== EXERCISE OBJECTIVE ==
Pictures excluded, output the lines of the data below between the one holding "Кабель плоский ППГ-Пнг(А)-HF" and the one holding "Fashion Women Butterfly", inclusive, exactly as they stand.

== RECORDS SHOWN ==
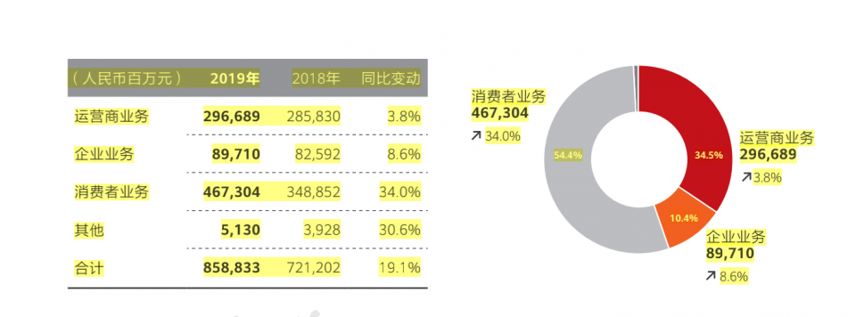 从具体业务来看,2019年华为运营商业务营收2966.89亿元,同比增长了3.8%,营收占比34.5%;华为消费者业务营收4673.04亿元,同比增长了34.0%,营收占比54.4%,首次超过了50%;企业业务营收825.92亿元,营收占比10.4%。
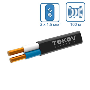Кабель плоский ППГ-Пнг(А)-HF 2х1,5 (бухта 100м), TOKOV ELECTRIC
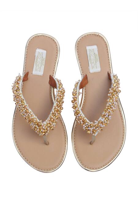 Gold sandals with ghunghroo, bead worked v-strap & stack heels.
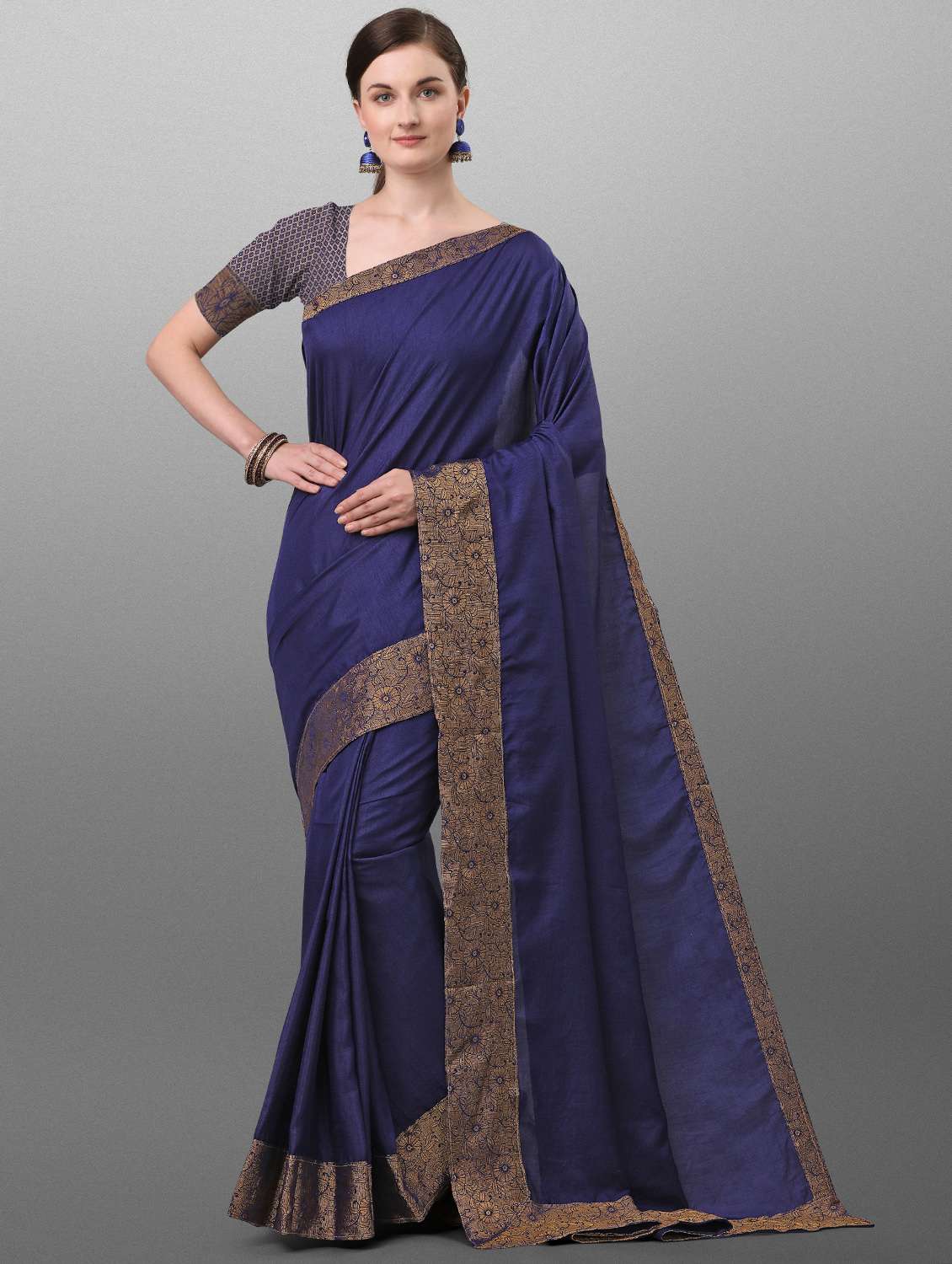- » navy cotton bordered saree with blouse
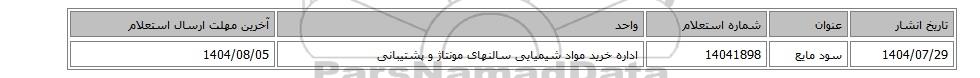 | 1404/07/29 | سود مایع | 14041898 | اداره خرید مواد شیمیایی سالنهای مونتاژ و پشتیبانی | 1404/08/05 |
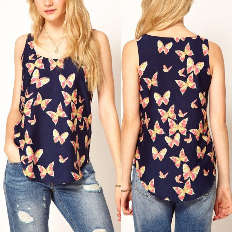 Fashion Women Butterfly Print Sleeveless Casual Chiffon Blouse T Shirt Tank Top
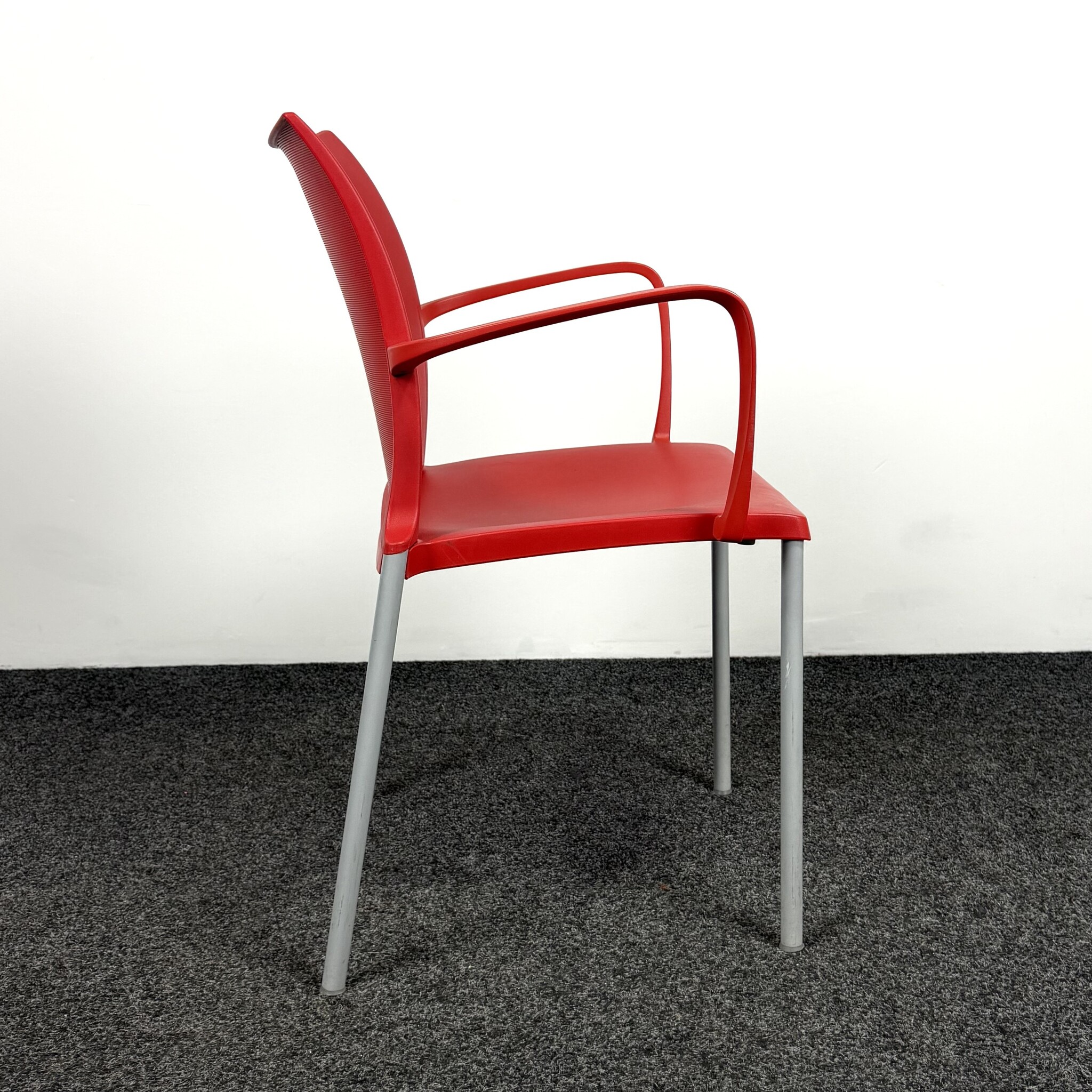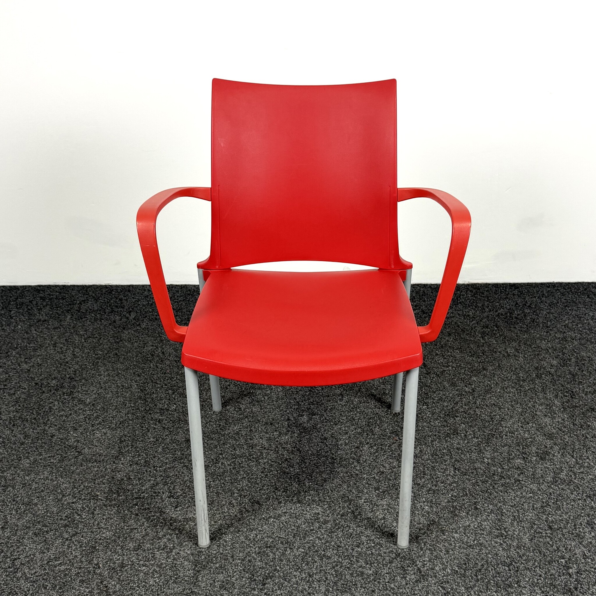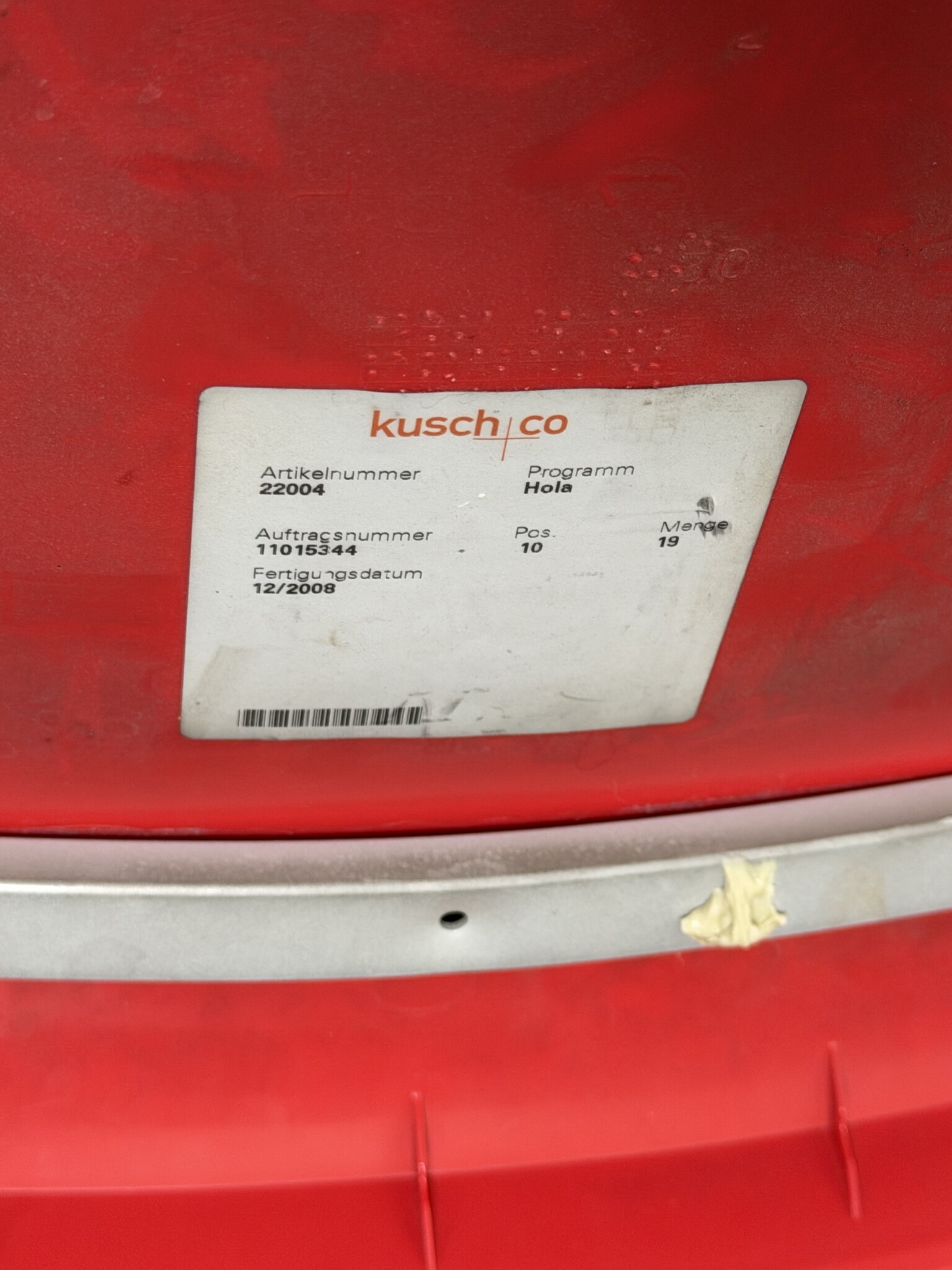 De Kusch & Go kantinestoel is een praktische en comfortabele stoel voor diverse ruimtes. De rode kunststof zitting geeft een frisse uitstraling en is eenvoudig te reinigen. Het vierpoots onderstel met vaste armleggers biedt stevige ondersteuning. Deze gebruikte stoel is stapelbaar en daardoor ruimtebesparend op te bergen.

== SOLUTION TO THIS PROBLEM ==
Кабель плоский ППГ-Пнг(А)-HF 2х1,5 (бухта 100м), TOKOV ELECTRIC
 Gold sandals with ghunghroo, bead worked v-strap & stack heels.
- » navy cotton bordered saree with blouse
 | 1404/07/29 | سود مایع | 14041898 | اداره خرید مواد شیمیایی سالنهای مونتاژ و پشتیبانی | 1404/08/05 |
 Fashion Women Butterfly Print Sleeveless Casual Chiffon Blouse T Shirt Tank Top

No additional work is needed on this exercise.